* Exercise instructions
The job is to output exactly the lines that run from the start of the entries through the line containing "10m×5色(1m毎の黄黒黄黒黄マーク、5m毎のイエローマーク付)", pictures omitted.

[Data items]
━━━━

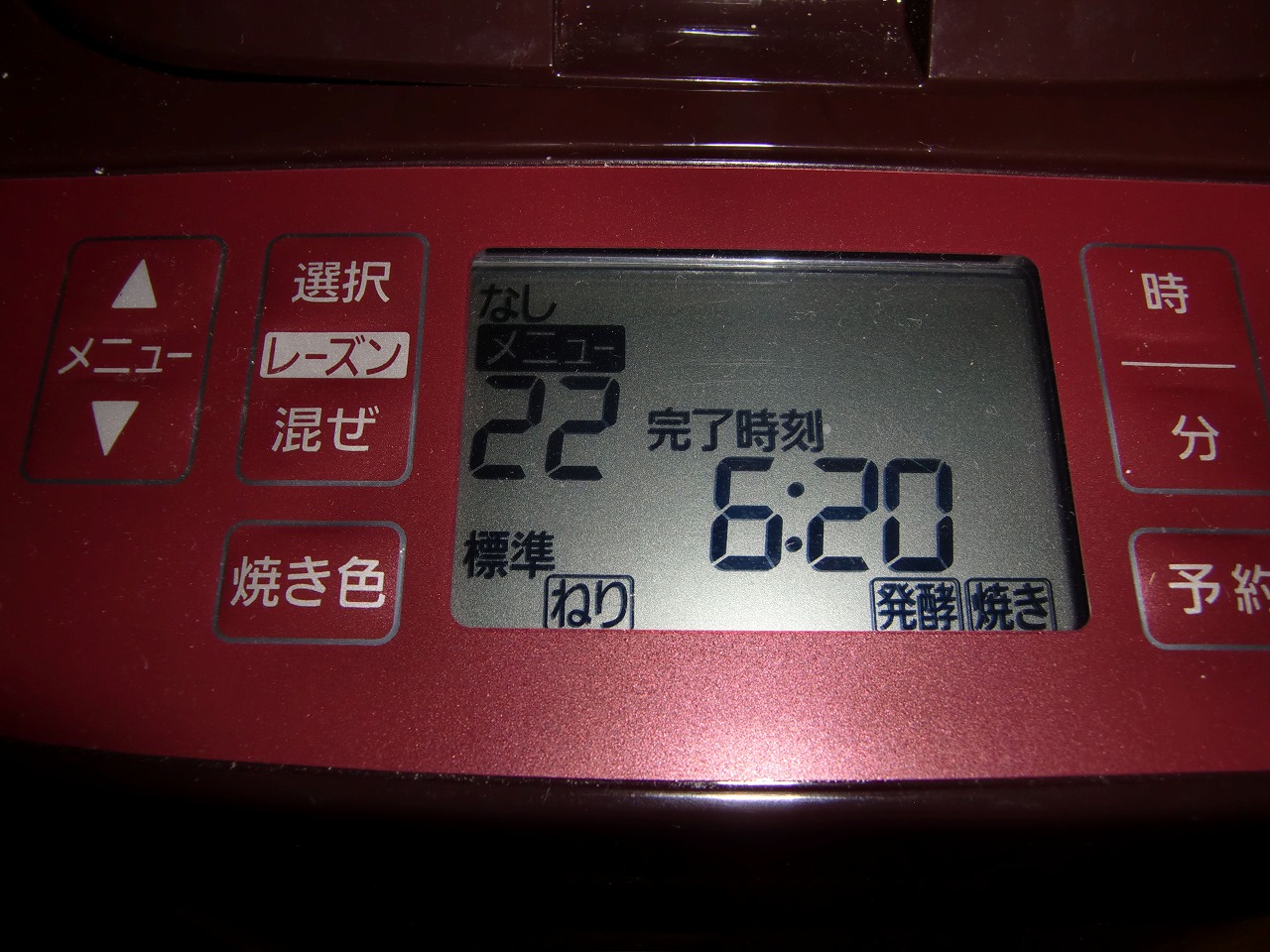 3.メニュー「22」、今回は追加材料がありませんので、レーズンなし、焼き色標準にセットしました。焼き上がりに時間がかかるので、タイマーをセットしました。
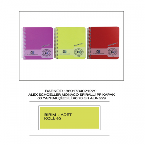 Alex Schoeller Spiralli Defter Plastik Kapak Çizgili 60 Yaprak A6 ALX:229 (1 Adet)
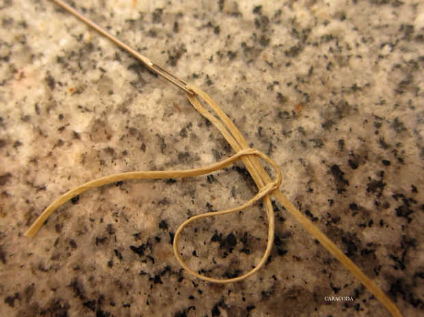 Necesita dos agujas costuras con extremos romos. Enhebre la aguja y luego empuje la aguja por el hilo dos veces, unos 5cm del extremo. Tire de la aguja a través de. Hacer lo mismo con otra aguja en el otro extremo del hilo.
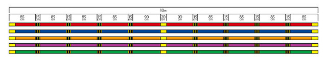 10m×5色(1m毎の黄黒黄黒黄マーク、5m毎のイエローマーク付)
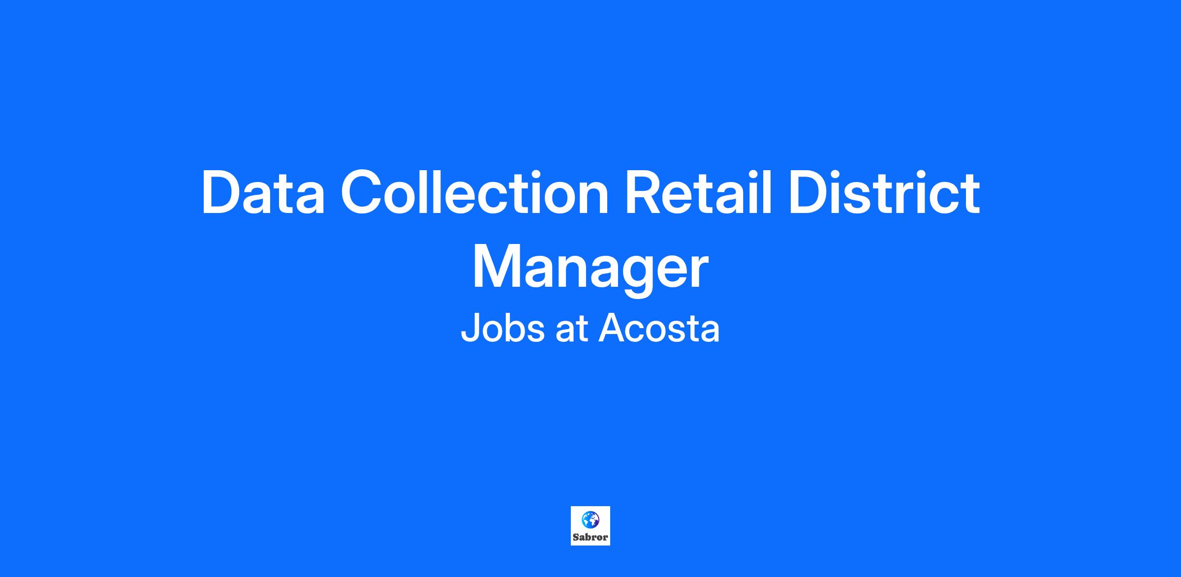 The purpose of the ACOSTA Data Collection Retail District Manager is to manage a team with on time delivery of high quality data. This is achieved by managing a remote group of qualified Team Leaders and Data Collectors on each aspect of their position.
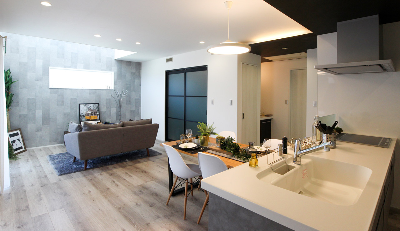 対面式のキッチンからはダイニングとリビングを一直線に見渡すことができるため、小さなお子さまのいるご家庭も安心して家事ができる設計です。
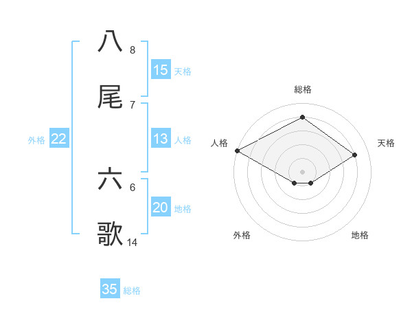 八尾 六歌さんを姓名の画数から五運を鑑定
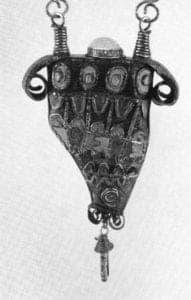 The exhibit also included the work of four enamelists, Colette, Deborah Lozier, Marianne Hunter and June Schwarcz, each with a very distinct approach to the medium. Lozier's alluring, poetic pendants look like ancient neckpieces rescued from the jewelry box of Scheherazade. They were suspended in a narrow glass case which allowed the viewer to see both of the elaborately worked side of each piece. In the same display was Japanese Palimpsest, a 24k gold, palladium, anodized niobium, 14k gold and onyx neckpiece by Florence Resnikoff, and two pendant brooches by Judy Bettencourt.
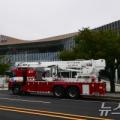 24일 APEC 정상회의장인 경북 경주시 화백컨밴션센터 앞 도로에 경주소방서 굴절차량이 화재 등 안전사고에 대비해 대기하고 있다. 2025.9.24/뉴스1
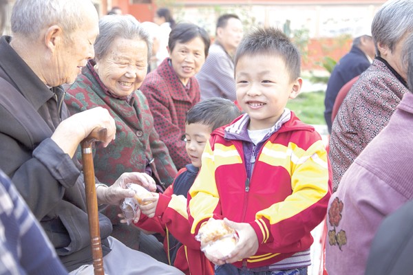 10月21日是九九重阳节,曾都区龙门街社区组织开展庆重阳联欢会,弘扬敬老爱老传统美德。图为社区儿童向老人赠送小食品。 (记者 徐斌摄)
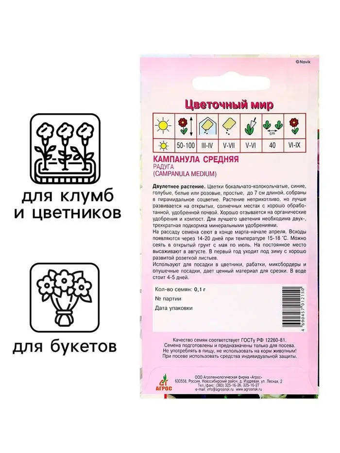 Семена Кампанула «Средняя Радуга», 0.1 г, «Агрос»
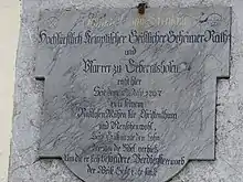On May 10, 1797, a French army marched into Gebrazhofen and plundered and destroyed the small town. Dominikus von Brentano did not recover from these upsets and died in Gebrazhofen in the night of July 2 to 3, 1797. In his parish church a memorial plaque on the outside wall of the sacristy reminds of him.
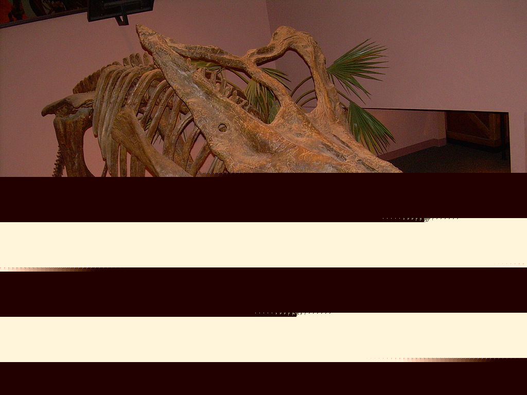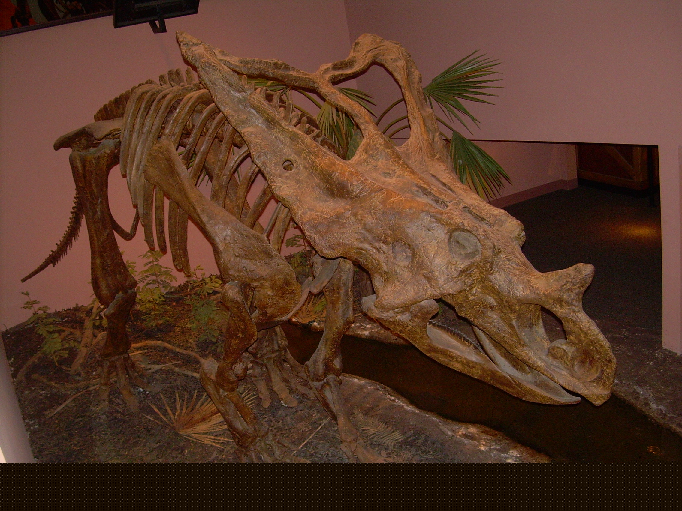 English: Photograph of a fossil cast of a Chasmosaurus skeleton taken at the North American Museum of Ancient Life.

━━━━

* Completed task
 3.メニュー「22」、今回は追加材料がありませんので、レーズンなし、焼き色標準にセットしました。焼き上がりに時間がかかるので、タイマーをセットしました。
 Alex Schoeller Spiralli Defter Plastik Kapak Çizgili 60 Yaprak A6 ALX:229 (1 Adet)
 Necesita dos agujas costuras con extremos romos. Enhebre la aguja y luego empuje la aguja por el hilo dos veces, unos 5cm del extremo. Tire de la aguja a través de. Hacer lo mismo con otra aguja en el otro extremo del hilo.
 10m×5色(1m毎の黄黒黄黒黄マーク、5m毎のイエローマーク付)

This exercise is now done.